A world without trust is not better – by @dhh

https://world.hey.com/dhh/a-world-without-trust-is-not-better-93d1c7b5

@jsparknz @aral He gives zero support for his thesis. Of course the best case is absence of need for trust. Trust /is/ risk. There's nothing favorable about that. If you must trust, then lots of factors come into play and turn a straight-forward decision into a fuzzy one. It's better for your email payload to be PGP-encrypted so you don't need trust vs hoping the MitMs don't exploit.

@aral @jsparknz @resist1984 PGP isn’t a great example of good risk management. Email simply isn’t meant to send sensitive information and PGP is a cumbersome attempt at covering what is a design choice.

See latacora.micro.blog/2020/02/19… but if @dhh argument didn’t land, I doubt this will touch you.

Ultimately, technology cannot and will not solve social problems.

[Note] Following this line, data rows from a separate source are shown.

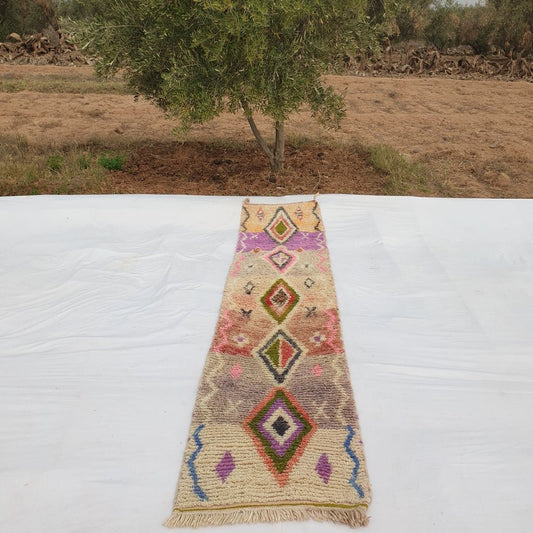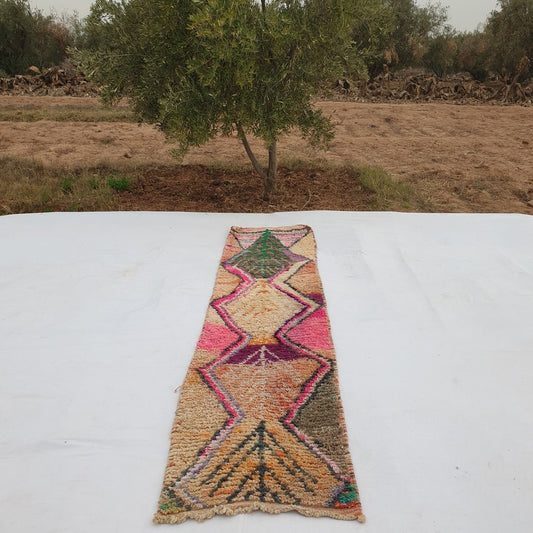 Tapis coureur marocain | Authentique coureur Boujaad | Tapis de laine coloré | Coureur berbère | Coureur de couloir | 9'8 x 2'3 pieds | 3x0,70m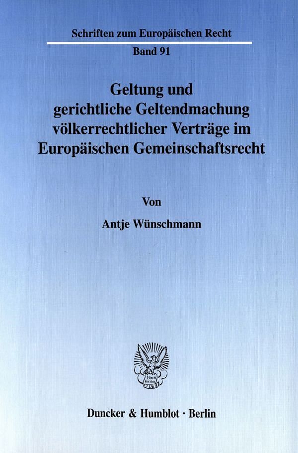 Die Autorin untersucht, in welchem Umfang völkerrechtliche Verträge, an denen die Europäische Gemeinschaft beteiligt ist, im innergemeinschaftlichen Recht gelten und anwendbar sind. Sie begründet die Einführung völkerrechtlicher Verträge in die Gemeinschaftsre...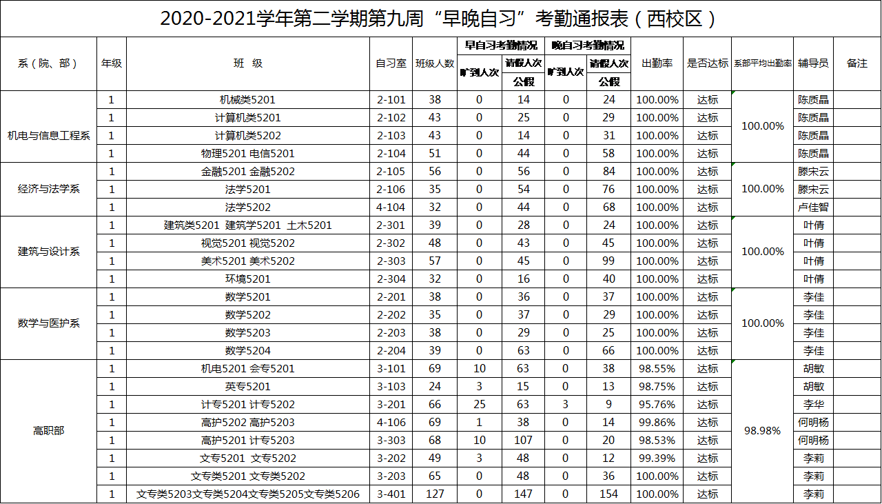 2020-2021学年第二学期第9周系(院、部)早晚自习考勤通报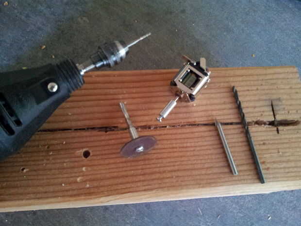 a. usé la herramienta Dremel con un metal regular corte hoja de sierra para cortar el mandril en la intersección del cuerpo que lleva el tornillo y el eje con un diámetro más pequeño (charla sobre el uso de una espina para sacar una espina).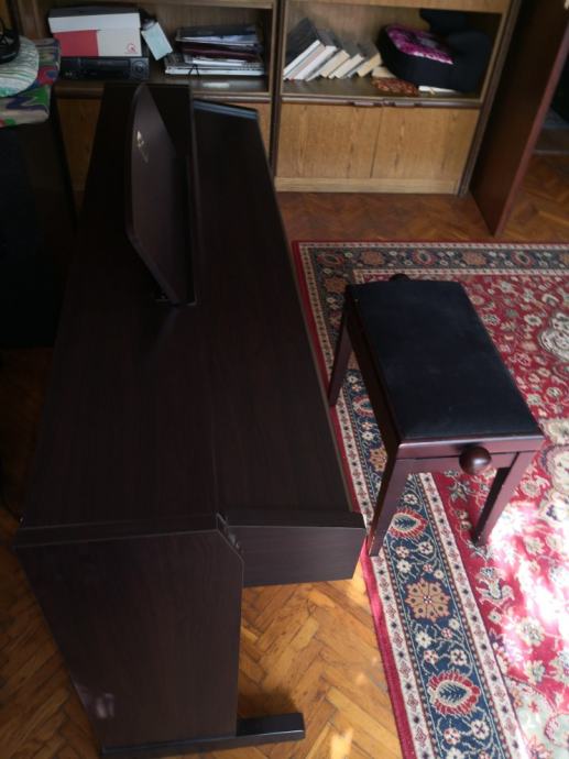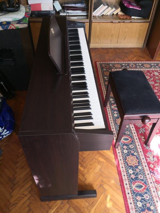 Elektricni vrhunski klavir boja ružino drvo,potpuno je ispravan i nema znakova kotistenja na njemu, uz klavir ide podesavajuca klavirska klupa instrument sa 64 polifona zvuka, hamer mehanicka tipka, kupljen 2014 godine, jako malo svirano... Novi je 11000kn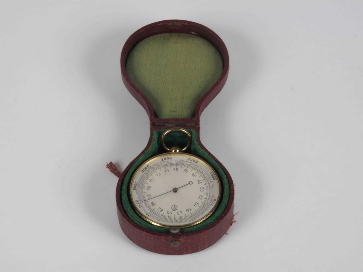 Loftþrýstingsmælir. Lítill loftþrýstingsmælir í viðarboxi, fóðruðu með grænu efni.
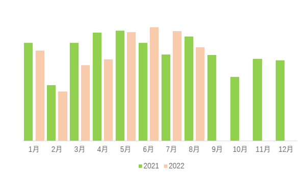 根据中国海关数据,2022年1~8月,毛纺原料与制品进出口总额累计110.7亿美元,同比下跌2%。8月单月进出口总额为18.2亿美元,环比下跌3.2%,近6个月内首次出现环比下跌,但月贸易额仍属于今年较高水平。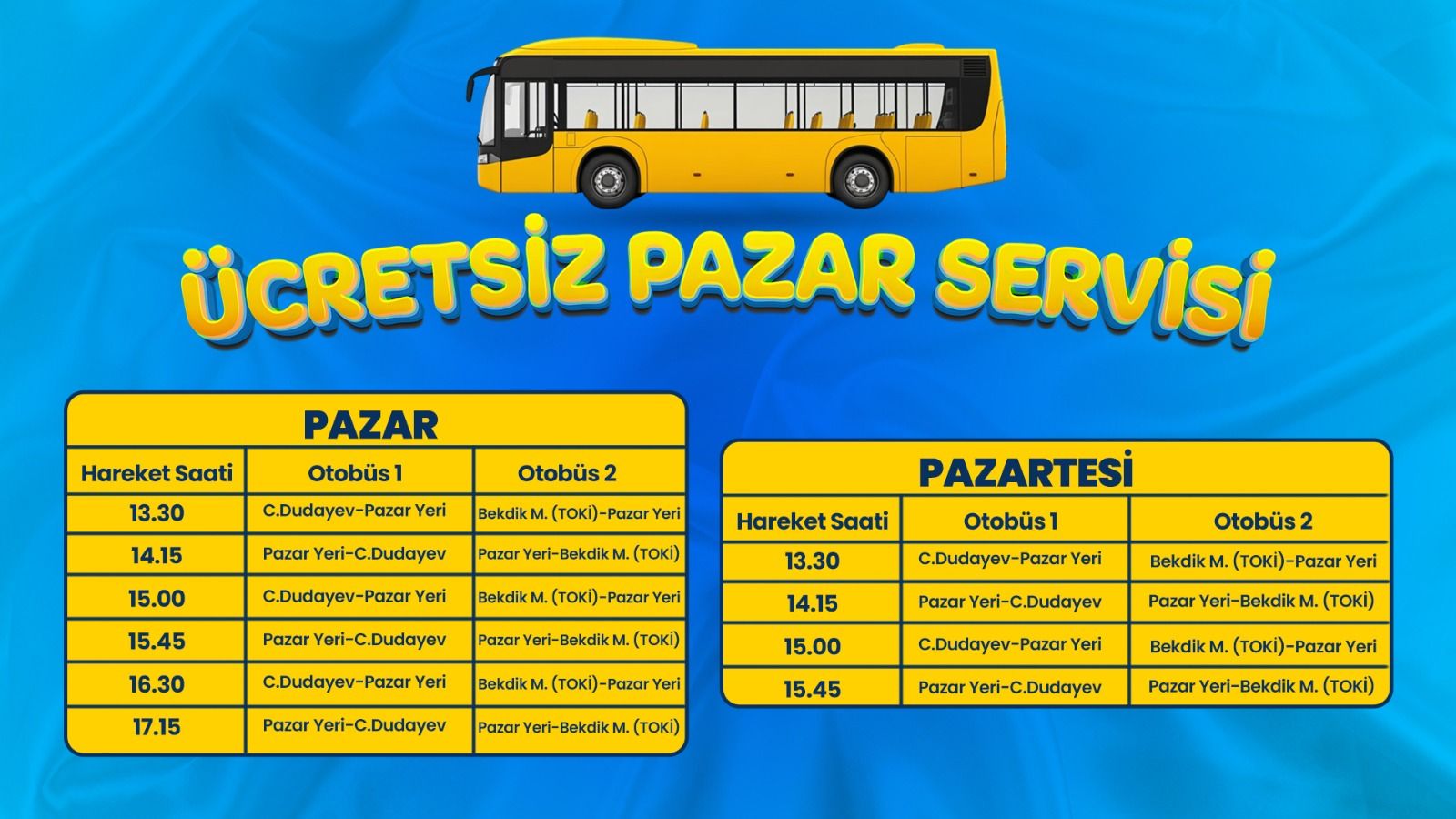 09 Şubat 2025 Pazar günü Uygulaması ile Bekdik Mahallesi TOKİ evleri ile Cevherdudayev Mahallesi’nden pazara ve pazardan bu 2 mahalleye belirlenen saatlerde ücretsiz Pazar servisi düzenlenecek.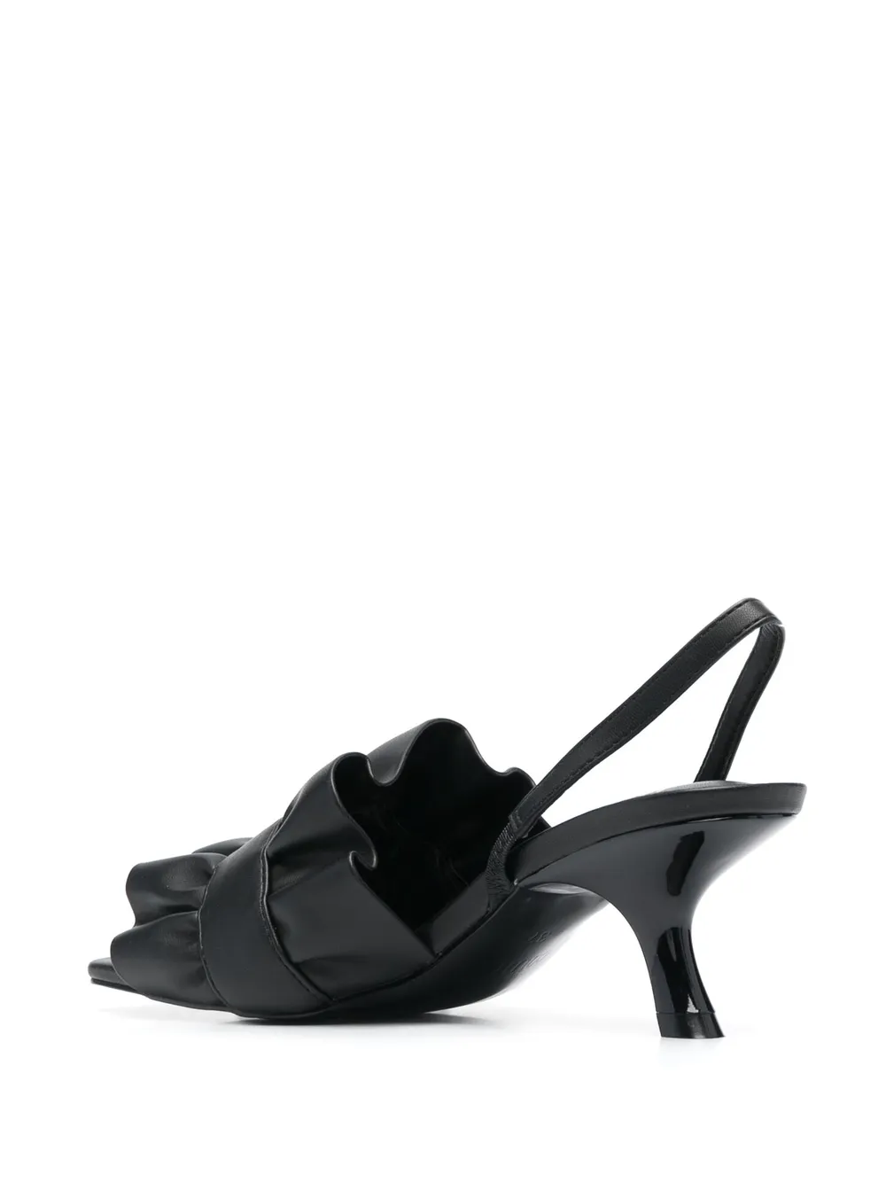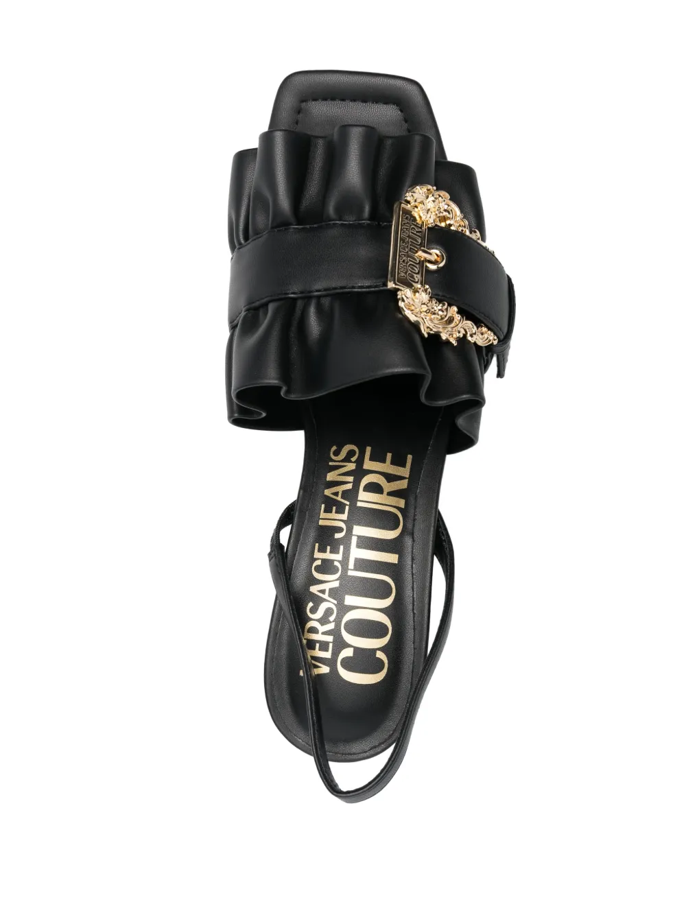 Baroque-buckle ruffled sandals from VERSACE JEANS COUTURE featuring black, ruffled detailing, gold-tone buckle fastening, open toe, square toe, elasticated slingback strap, branded insole and kitten heel.

@hypolite @jsparknz @aral I fully reject the "this wasn't meant for that" line of reasoning. Magnetrons were meant for radar not microwave ovens, but one day someone realised magnatrons can be used to cook food. We don't reject a usa case because it doesn't match original intent.

@aral @jsparknz @hypolite When you realize the separation of duties, that email is a means to get data from A to B & crypto serves to mitigate disclosure, then of course email /can/ be used to move a payload without disclosure. It doesn't matter that email predates PGP. PGP over email is cumbersome for many novices with some implementations, but there are exceptions, but this is red herring territory.

@hypolite @jsparknz @aral #Hushmail came close enough to solving the social problem. A novice can open a HM acct as easily as a Yahoo acct. An external expert user can do all the key management on hushtools.com. And for me that worked. I was able to get accountants & lawyers to use crypto effectively. Novice-to-novice => HM-to-HM. BTW, the latacora.micro.blog link is dead for me.